→ TASK TO COMPLETE: Leaving out every picture, retype the lines below from the top through the one that contains "在春节档电影《唐探1900》".

[Data entries]
══════
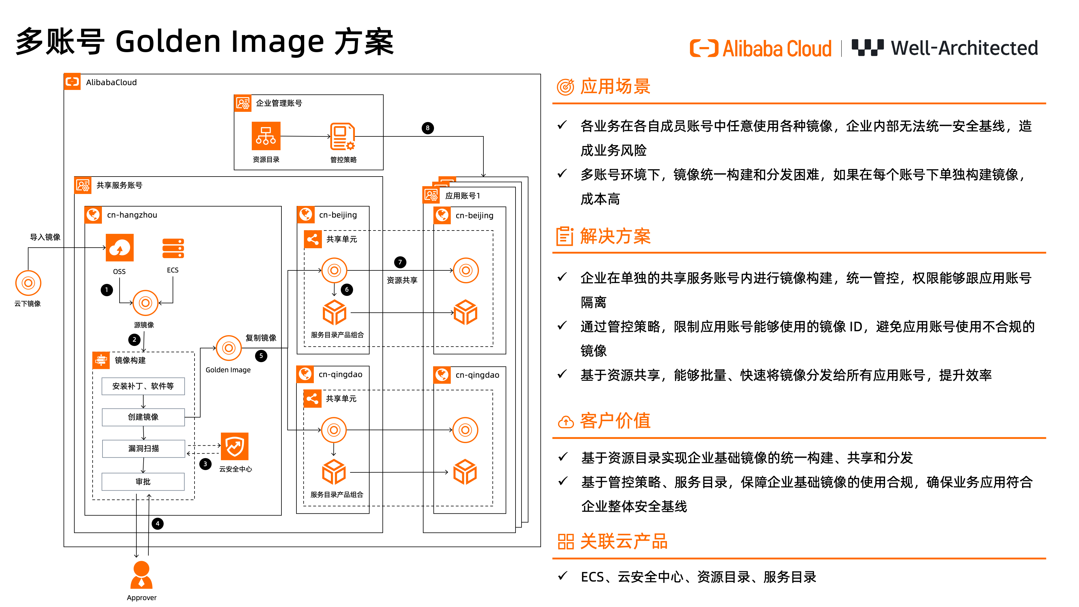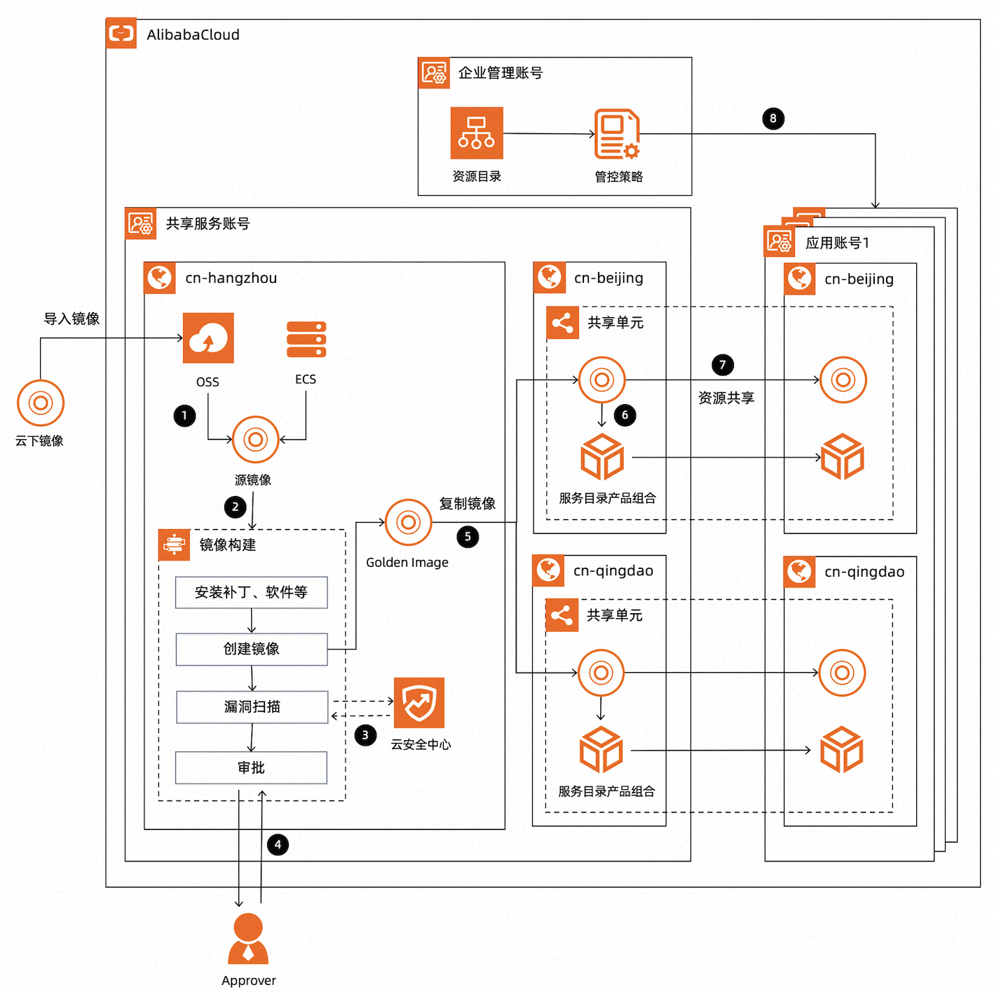 本方案基于多账号体系实现企业 Golden Image 的构建和分发。镜像构建在共享服务账号内进行,您可以将已有的云下镜像导入到阿里云(图中1),当需要构建新的镜像时,您可以触发系统运维管理服务的自动化任务来进行(图中2),构建过程中,还可以接入镜像漏洞扫描(图中3)和人工审批流程(图中4),进一步保证镜像的安全合规。构建完成后,复制到企业业务所在的所有地域(图中5),然后配置服务目录产品组合(图中6),保证镜像的受控使用。通过资源共享的共享单元,将镜像和服务目录产品组合共享给企业内相应的业务成员账号(图中7)。业务成员账号可以通过服务目录的产品组合一键创建使用 Golden Image 的云服务器 ECS。最后通过下发管控策略(图中8),确保业务成员账号只能使用 Golden Image 创建 ECS。
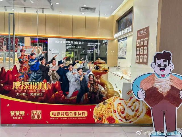 在春节档电影《唐探1900》的宣发合作中,陪伴观众十年的“唐探IP”与各个品牌进行了深入的联名合作。比如,电影主演与安慕希进行了广告合作推送,形成深度合作绑定,“唐探IP”还与爸爸糖、和府捞面等诸多餐饮品牌建立了全国线下主题店、线上联合营销等精彩纷呈的定制合作。
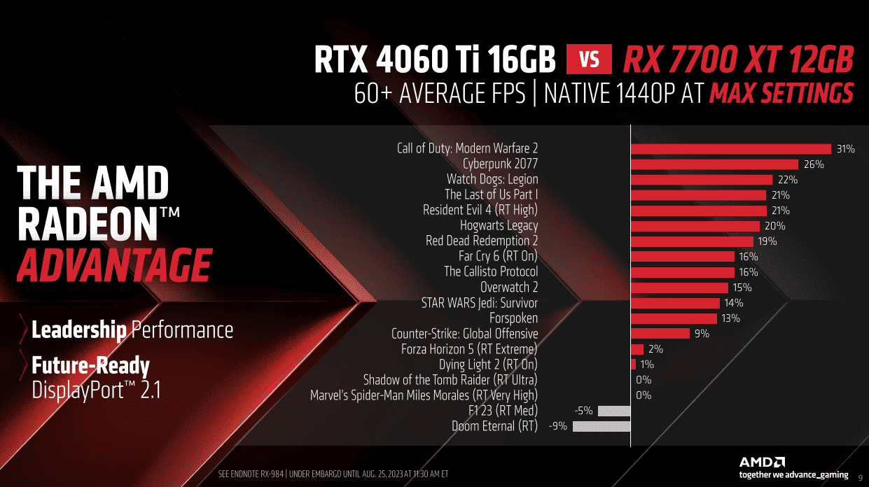 Dito isto, a RX 7700 XT tem a missão de ficar por cima da RTX 4060 Ti, enquanto a RX 7800 XT tem a missão mais complicada de ficar por cima da RTX 4070. Ambas a preços um pouco mais baixos face aquilo que a NVIDIA tem vindo a oferecer.
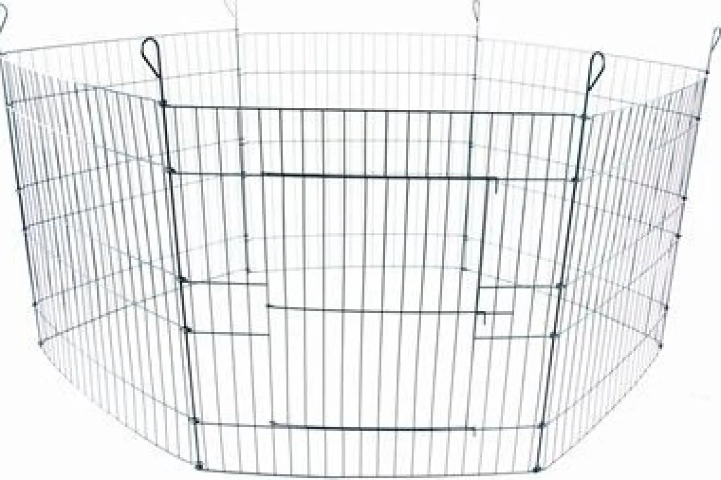 De konijnenren is een eenvoudige en praktische ren voor binnen of buiten, zodat je konijnen de ruimte hebben om rond te lopen zonder dat ze ontsnappen. Als je de ren groter wilt maken kan je meerdere rennen combineren. Dankzij het deurtje kan je eenvoudig je konijn in en uit de ren tillen. De konijnenren heeft de volgende afmeting:
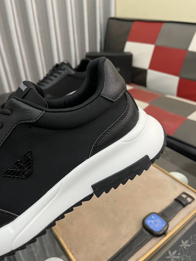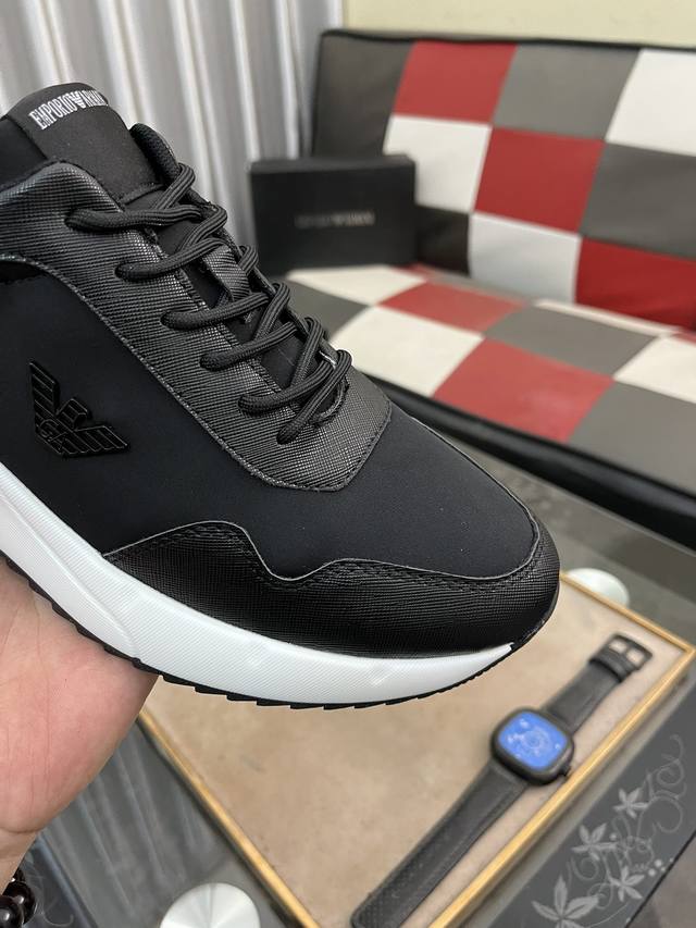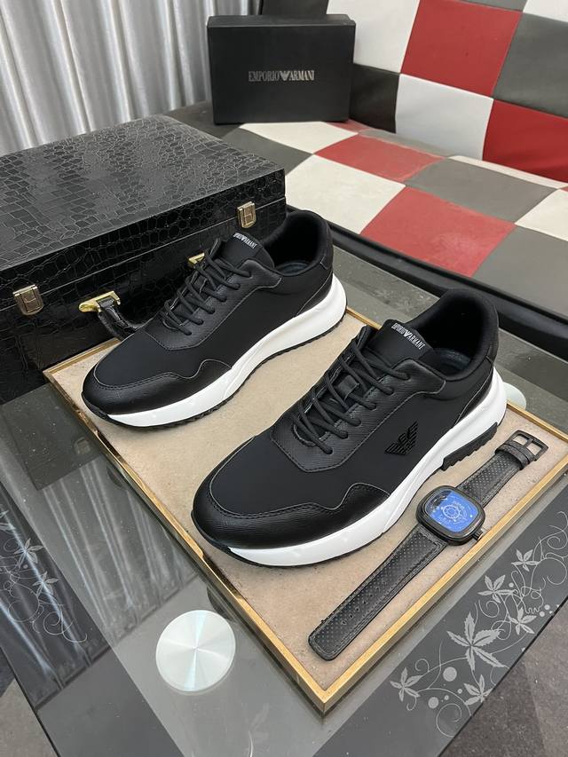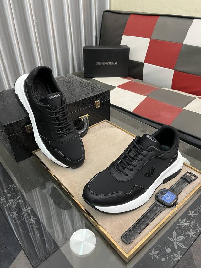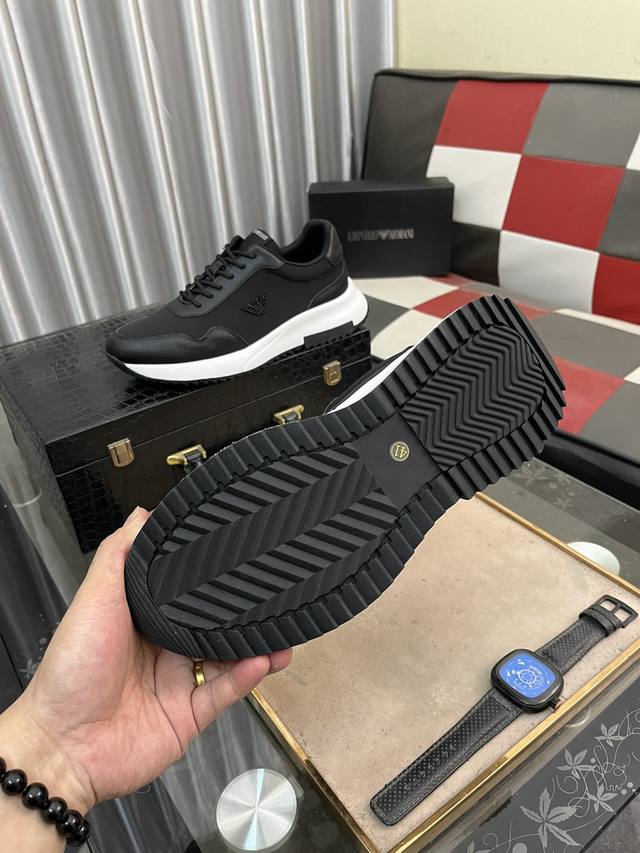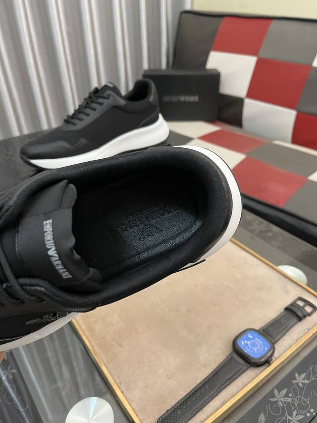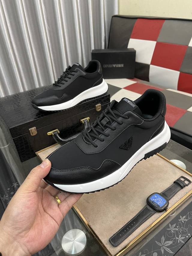 出厂价: 阿玛尼新款休闲运动鞋 时尚百搭, 版型简洁大气, 面料采用进口牛皮配原版布料,透气内里,原版耐磨橡胶大底,独家新款,实物拍摄,码数:38-443色可选
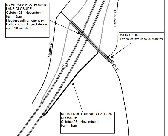 Improvements will include upgrades to signage and road striping. US 101 Exit 226 will be intermittently closed during work hours, with flaggers managing traffic control on the Main Street overpass.
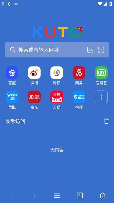 kuto浏览器app是个极简小巧的浏览器工具,内置百度、微博、腾讯、网易、爱奇艺、京东、天猫等应用资源,内容丰富全面,覆盖面广,随你搜索浏览,快速访问,个性化定制,一键添加书签,记录历史,下载文件,更换主题,拦截广告,方便使用!
══════
→ ANSWER SECTION:
 本方案基于多账号体系实现企业 Golden Image 的构建和分发。镜像构建在共享服务账号内进行,您可以将已有的云下镜像导入到阿里云(图中1),当需要构建新的镜像时,您可以触发系统运维管理服务的自动化任务来进行(图中2),构建过程中,还可以接入镜像漏洞扫描(图中3)和人工审批流程(图中4),进一步保证镜像的安全合规。构建完成后,复制到企业业务所在的所有地域(图中5),然后配置服务目录产品组合(图中6),保证镜像的受控使用。通过资源共享的共享单元,将镜像和服务目录产品组合共享给企业内相应的业务成员账号(图中7)。业务成员账号可以通过服务目录的产品组合一键创建使用 Golden Image 的云服务器 ECS。最后通过下发管控策略(图中8),确保业务成员账号只能使用 Golden Image 创建 ECS。
 在春节档电影《唐探1900》的宣发合作中,陪伴观众十年的“唐探IP”与各个品牌进行了深入的联名合作。比如,电影主演与安慕希进行了广告合作推送,形成深度合作绑定,“唐探IP”还与爸爸糖、和府捞面等诸多餐饮品牌建立了全国线下主题店、线上联合营销等精彩纷呈的定制合作。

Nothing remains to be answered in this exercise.